If you're creating a 2D array, the idiom you want is
val data = Array.ofDim[String](numColumms, numRows)
(There is also new Array[String](numColumns, numRows), but that's deprecated.)
You access element (i, j) of an Array data with data(i)(j) (remember they start from 0).
But in general you should avoid mutable collections (like Array, ArrayBuffer) unless there's a good reason. Try Vector instead.
Without knowing the format in which you're retrieving data from the database it's not possible to say how to put it into a collection.
Update:
You can alternatively put the type information on the left hand side, so the following are equivalent (decide for yourself which you prefer):
val a: Array[Array[String]] = Array.ofDim(2,2)
val a = Array.ofDim[String](2,2)
To explain the syntax for accessing / updating elements: as in Java, a multi-dimensional array is just an array of arrays. So here, a(i) is element i of a, which an Array[String], and so a(i)(j) is element j of that array, which is a String.
Luigi's answer is great, but I'd like to shed some light on why your code isn't working.
val Data = new Array[Array[String]](numColumns)(numRows)
does not do what you expect it to do. The new Array[Array[String]](numColumns) part does create an array of array of strings with numColumns entries, with all entries (arrys of strings) being null, and returns it. The following (numRows) then just calls the apply function on that returned object, which returns the numRowsth entry in that list, which is null.

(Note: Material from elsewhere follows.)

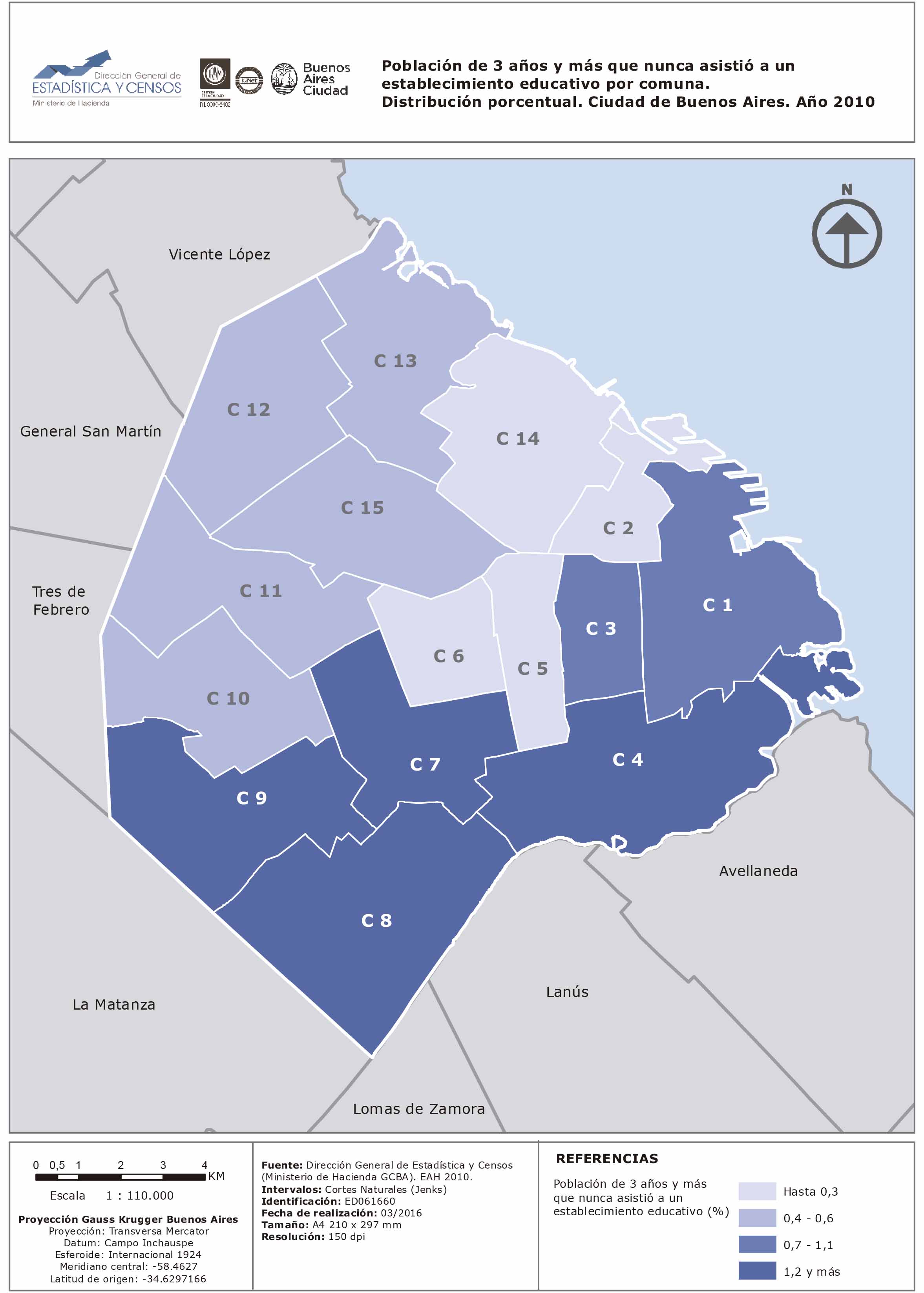 Población de 3 años y más que nunca asistió a un establecimiento educativo por comuna. Distribución porcentual. Ciudad de Buenos Aires. Año 2010

You can try that out in the scala REPL: When you input
new Array[Array[String]](10)(9)
you get this as output:
res0: Array[String] = null
Luigi's solution, instead
Array.ofDim[String](2,2)
does the right thing:
res1: Array[Array[String]] = Array(Array(null, null), Array(null, null))
It's rather ugly, but you can update a multidimensional array with update
> val data = Array.ofDim[String](2,2)
data: Array[Array[String]] = Array(Array(null, null), Array(null, null))
> data(0).update(0, "foo")
> data
data: Array[Array[String]] = Array(Array(foo, null), Array(null, null))
Not sure about the efficiency of this technique.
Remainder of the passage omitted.